Pelaksana Proyek Abaikan Audit Daya Tahan Konstruksi

Aprilia Periera
Karya Aprilia Periera Kategori Ekonomi
dipublikasikan 02 Agustus 2018
Pelaksana Proyek Abaikan Audit Daya Tahan Konstruksi

Akhir-akhir ini sering terjadinya kegagalan pada proyek konstruksi Indonesia di berbagai daerah di Indonesia. Gabungan Pelaksana Konstruksi Nasional Indonesia mengingatkan agar perusahaan pelaksana proyek infrastruktur dan gedung-gedung pencakar langit melakukan audit daya tahan konstruksi yang komprehensif.  Jasa proyek konstruksi indonesia menjadi pelaku teknis bangunan (perencana, pelaksana baik perorangan maupun yang dipekerjakan oleh badan usaha) yang berhubungan dengan pembangunan gedung. 

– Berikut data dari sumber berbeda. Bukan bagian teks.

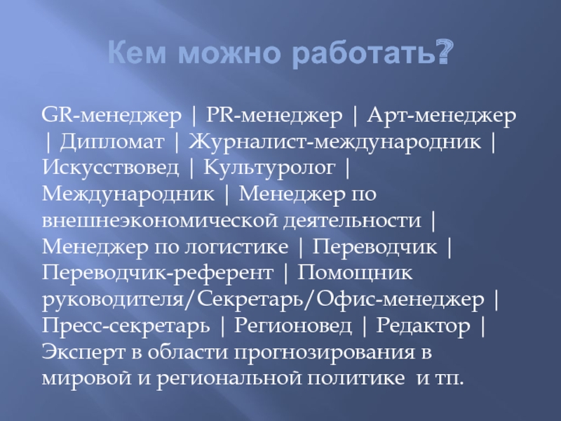 | Искусствовед | Культуролог | Международник | Менеджер по внешнеэкономической деятельности | Менеджер по логистике | Переводчик | Переводчик-референт | Помощник руководителя/Секретарь/Офис-менеджер | Пресс-секретарь | Регионовед | Редактор | Эксперт в области прогнозирования в мировой и региональной политике и тп.

Untuk itu kita harus melihat kegagalan itu lebih luas, permasalahan ini seharusnya tidak diremehkan. Karena itu, Proyek konstruksi indonesia belum bisa dilaksanakan tanpa Peraturan Pemerintah. Proyek konstuksi di Indonesia memiliki tiga perincian peraturan yaitu Peraturan Pemerintah(PP), dua Peraturan Presiden (Perpres), lima peraturan menteri (Permen). Dalam Peraturan Presiden (perpres) berhubungan dengan pengadaan usaha dan penyediaan, sedangkan Peraturan Mentri berisi tentang remunerasi bagi pelaksana jasa konstruksi dan kelembagaan.

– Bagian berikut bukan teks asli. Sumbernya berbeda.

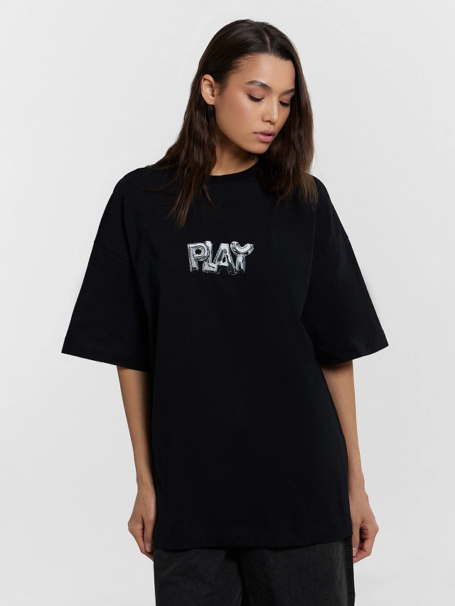 Футболка женская оверсайз черная с принтом "Play"

Dalam sebuah proyek konstruksi membutuhkan perencanaan yang baik, untuk mewujudkan bangunan yang dibutuhkan oleh pemilik proyek. Selain itu juga perlu adanya budaya konstruksi yang berpengaruh pada kemampuan sebuah perusahaan untuk memiliki kompetensi tentang manajemen program yang kuat.